And to hear many in the industry talk, the success of femtocells, once they hit market, already is a given.
But not so fast, says xDSL modem maker 2Wire. Nobody, it seems, has bothered to ask one key constituency - end users - what they think about femtocells. Plugging that hole, 2Wire hired Quality Research Associates (QRA) to find out what users really think. The research house tallied 620 responses. As expected, the majority of those polled take service from Verizon Wireless (31 percent) or AT&T Wireless (25 percent), while Sprint and T-Mobile garnered 11 percent each., The remaining 21 percent of those surveyed come from Alltel, the Nextel side of the Sprint Nextel house, and various mobile virtual network operators.
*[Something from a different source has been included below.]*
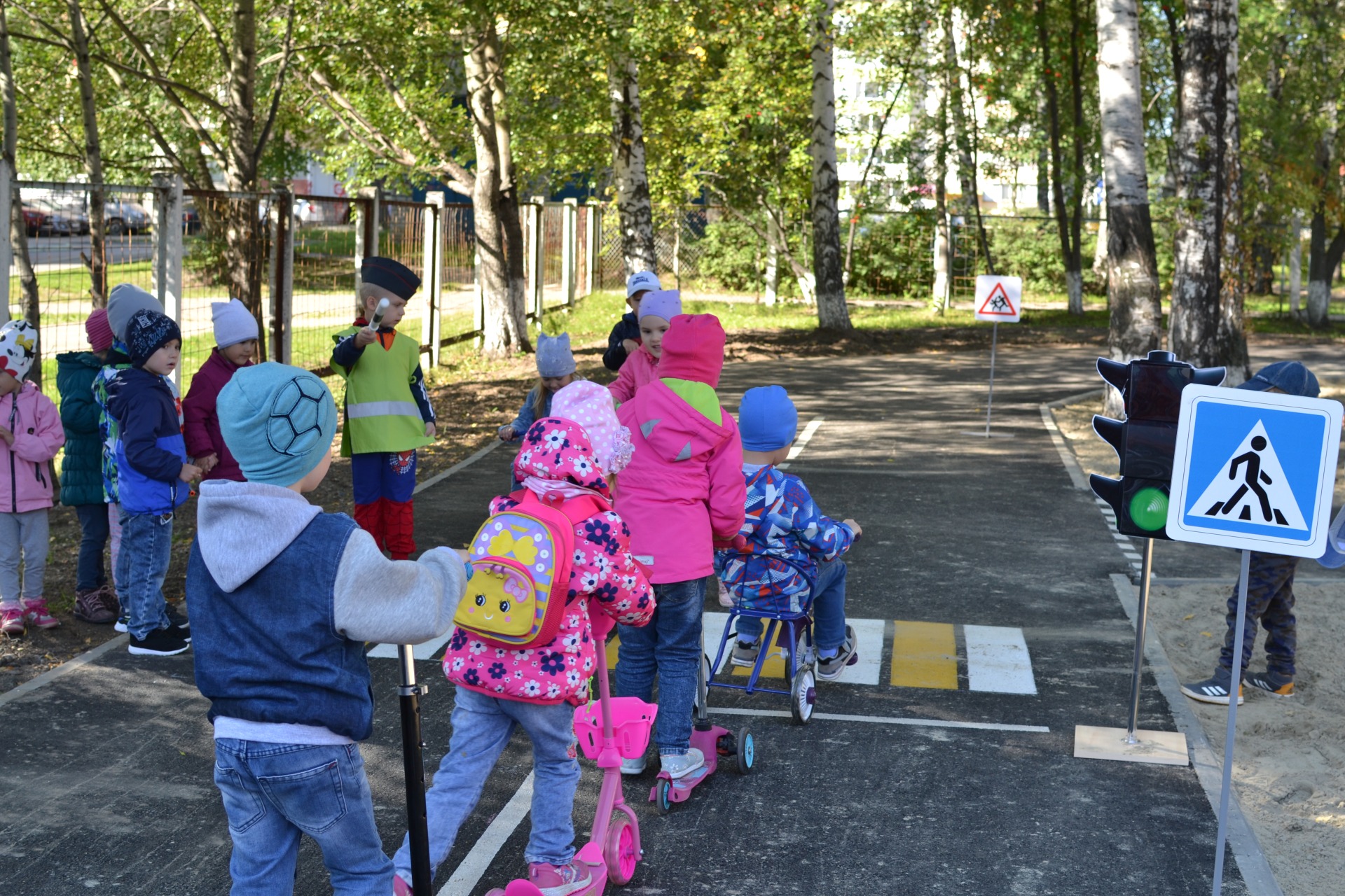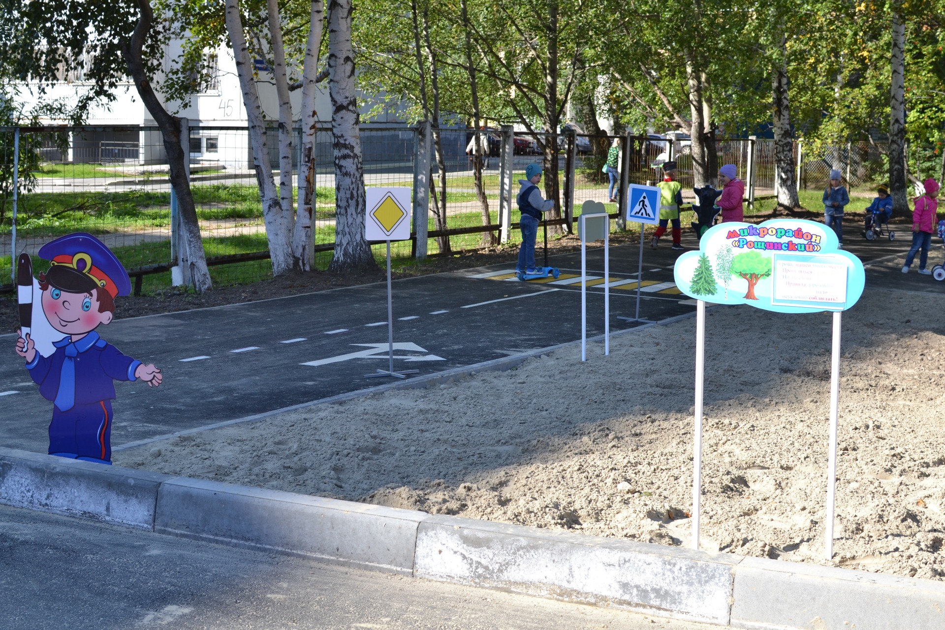 Для организации деятельности с детьми созданы игровые микрорайоны и площади: стадион, пункт ДПС и парковка, площадь Игровая, парк развлечений и др. Одним из таких тематических уголков на территории сада является "Микрорайон Рощинский"

The folks at 2Wire provided TelecomWeb broadband with a complete copy of the 48-page report written by QRA, and we believe the results are critical for everyone in the industry to understand.
The Demand For Femtocells
The first thing 2Wire established is that the key demand factor for femtocells exists: Some 42 percent of those surveyed said they had dropped calls or poor reception inside the home.
The implications for both fixed-line and cellular carriers are compelling, with femtocell technology apparently poised to impact both the issues of churn among cellular carriers and mobile substitution. QRA reported 43 percent of those it surveyed said they would consider switching to a wireless provider that could promise in-home cellular coverage that was good as fixed- line service. More than half said they would be willing to renew their existing cellphone service agreements if their in-home cellular coverage and voice quality were as good as their fixed voice service.